** REQUIREMENT **
The answer is to be the lines below that lie between the line holding "东吴证券-北交所定期报告:中" and the line holding "남궁민과 홍진영은 7일", inclusive, transcribed exactly and free of pictures.

*** INPUT

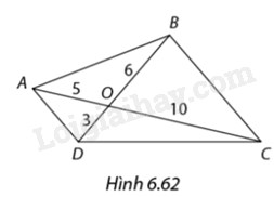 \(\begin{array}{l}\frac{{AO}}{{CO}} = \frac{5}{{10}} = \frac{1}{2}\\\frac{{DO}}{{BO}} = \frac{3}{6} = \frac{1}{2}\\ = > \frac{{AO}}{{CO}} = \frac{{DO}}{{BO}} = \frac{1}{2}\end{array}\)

******
*** INPUT

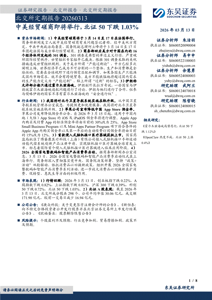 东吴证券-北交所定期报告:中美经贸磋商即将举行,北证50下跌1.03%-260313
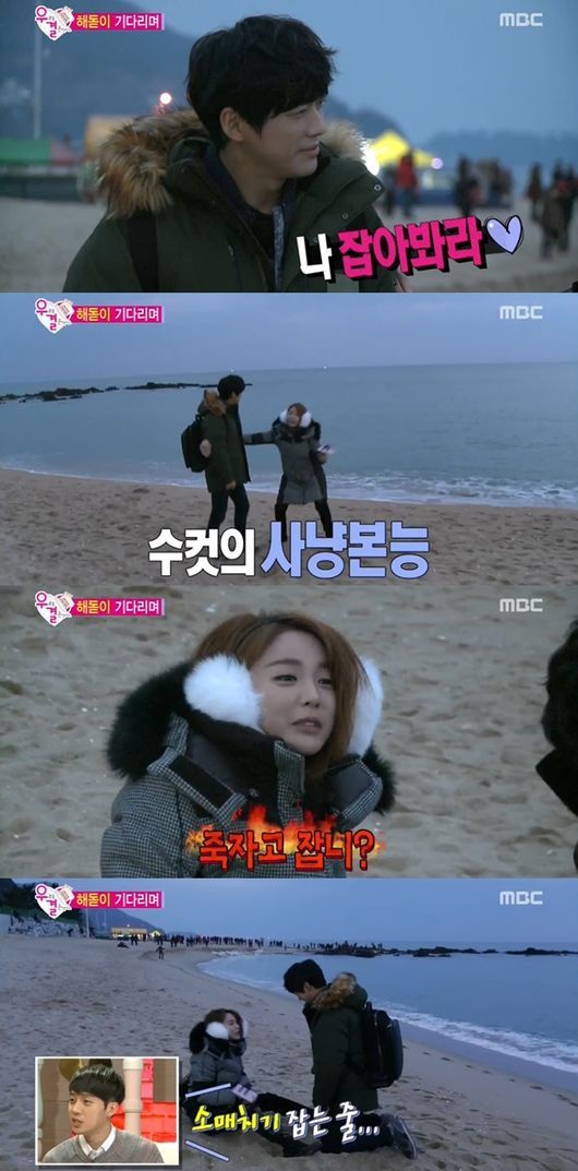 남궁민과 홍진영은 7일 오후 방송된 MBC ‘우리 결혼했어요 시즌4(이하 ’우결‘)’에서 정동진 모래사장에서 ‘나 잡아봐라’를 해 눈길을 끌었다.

******
*** INPUT

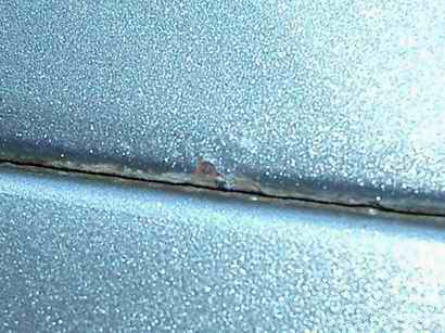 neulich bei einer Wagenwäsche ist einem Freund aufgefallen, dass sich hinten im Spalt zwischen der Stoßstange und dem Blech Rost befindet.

******

** TASK RESULT **
 东吴证券-北交所定期报告:中美经贸磋商即将举行,北证50下跌1.03%-260313
 남궁민과 홍진영은 7일 오후 방송된 MBC ‘우리 결혼했어요 시즌4(이하 ’우결‘)’에서 정동진 모래사장에서 ‘나 잡아봐라’를 해 눈길을 끌었다.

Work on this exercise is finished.